Two weeks after the business development meeting, Tanya learned that Sarah was resigning. Her exit interview revealed that Cameron was the primary reason. Her feedback indicated that others on the team shared her frustrations with what they described as Cameron’s inappropriate comments. That afternoon, Tanya texts Cameron: “We need to talk.”
Why people hesitate
At some point in our careers, we’ve all had one of those difficult conversations that didn’t end well. Your direct report sobbed uncontrollably when you shared negative feedback on her job review. Your manager lashed out at you when you asked for help with a team member who wasn’t pulling his weight.
Those memories loom large. It’s human nature to protect ourselves from situations that may be confrontational. Instead of addressing the issue here and now, we tell ourselves:
It’s not that big a deal. We rationalize that the issue is not that important. It’s not worth arguing about.
The problem will go away. Sometimes it seems like the path of least resistance is waiting out the discomfort. We hope the problem will eventually disappear, or the situation will improve over time. Often avoiding the conflict makes the problem bigger.
The timing isn’t right. The person is in a bad mood, or you’ve got a lot going on that day, so you promise you’ll bring it up the next time it happens. For some, the timing never feels quite right. A VitalSmarts poll conducted by Joseph Grenny, co-author of Crucial Conversations, and Justin Hale, a master trainer at VitalSmarts, shows that 40% of people put off their scary conversation for six months, and another 20% wait a year or more.
The person may dislike us. We worry that sharing negative feedback or telling someone something they don’t want to hear may result in the person disliking us. When it’s a colleague, we fear losing their cooperation and support.
We don’t know how to say what needs to be said. We feel unsure about how to have the conversation and fear that, if we don’t handle things well, the situation may worsen.
Things could get emotional. We’re nervous about how the person may react. Will they become angry, get nasty, withdraw and refuse to talk, or break down in tears? The prospect of dealing with emotions that may spiral out of control makes us uncomfortable.
The risks of avoiding conflict
While avoiding a tough conversation may feel expedient in the short run, unresolved workplace conflict comes at a high price.
Disgruntled employees tend to escalate their issues inside and outside the organization if they don’t feel their concerns are handled effectively. People waste valuable time ruminating and complaining to colleagues about the conflict.

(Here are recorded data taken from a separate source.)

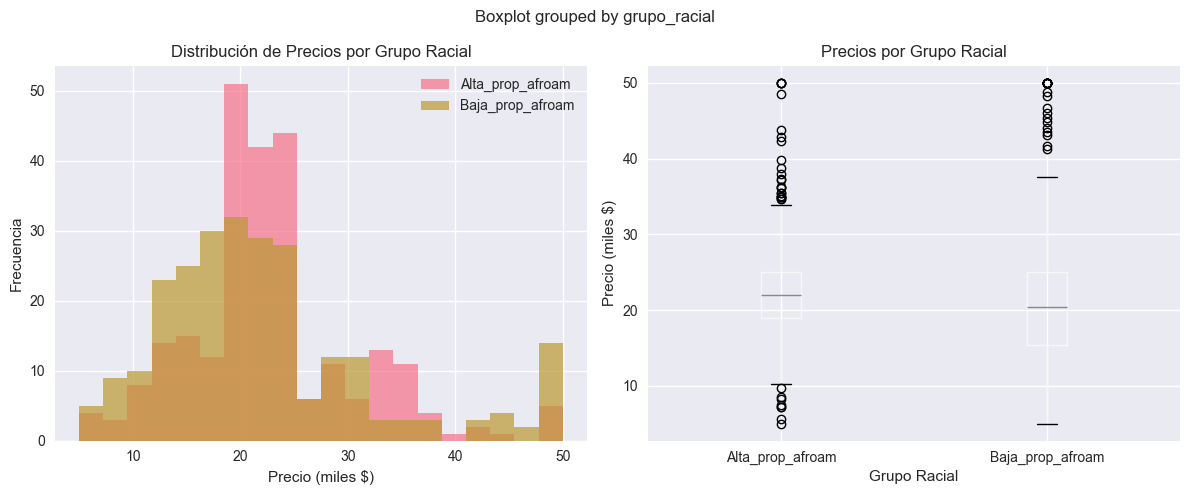 Figura 1: Análisis de sesgo racial en Boston Housing Dataset. Panel izquierdo: Histograma superpuesto mostrando distribución de precios (MEDV) por grupo racial. En rosa (Alta_prop_afroam) se observa distribución concentrada en rangos bajos (\(10k-\)25k) con cola corta. En marrón (Baja_prop_afroam) distribución más amplia (\(15k-\)50k) con media significativamente mayor. Panel derecho: Boxplot comparativo confirmando la brecha - el grupo Baja_prop_afroam tiene mediana ~\(25k vs Alta_prop_afroam con mediana ~\)18k. Los outliers (círculos negros) son más frecuentes y altos en el grupo de baja proporción afroamericana, evidenciando sesgo sistemático en valuaciones históricas.
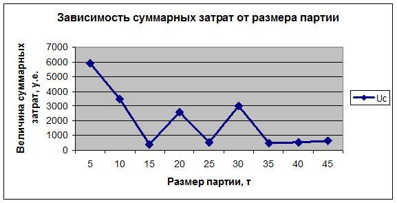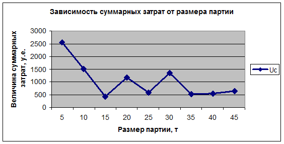 На рис.7.2 приведен график, показывающий изменение суммарных затратUc, в зависимости от величины доставляемой партии груза g.
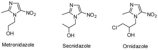 - Upcroft, J.A.; Campbell, R.W.; Benakli, K.; Upcroft, P.; Vanelle, P. Efficacy of New 5-Nitroimidazoles against Metronidazole-Susceptible and -Resistant Giardia, Trichomonas, and Entamoeba spp. Antimicrob. Agents Chemother. 1999, 43, 73–76. [Google Scholar] [PubMed]
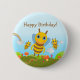 Badge Rond 5 Cm Joyeux anniversaire avec des abeilles au miel

When leaders fail to address the problem, their credibility suffers. Negative emotions like anger, resentment, disrespect, and mistrust fester. Involved team members begin to resent each other and avoid communicating or communicating in a superficial way. Teamwork breaks down, and productivity ultimately suffers.
Like in the case of Sarah and Cameron, good employees leave in search of what they see as a less toxic work environment.
Dealing with challenging conversations is an essential leadership skill. Effective leaders know they can’t shy away from potential conflict. They deal with it head-on and model behaviors that promote trust, collaboration, and inclusion. Most important, they view “difficult conversations” as opportunities to help people—including themselves—improve.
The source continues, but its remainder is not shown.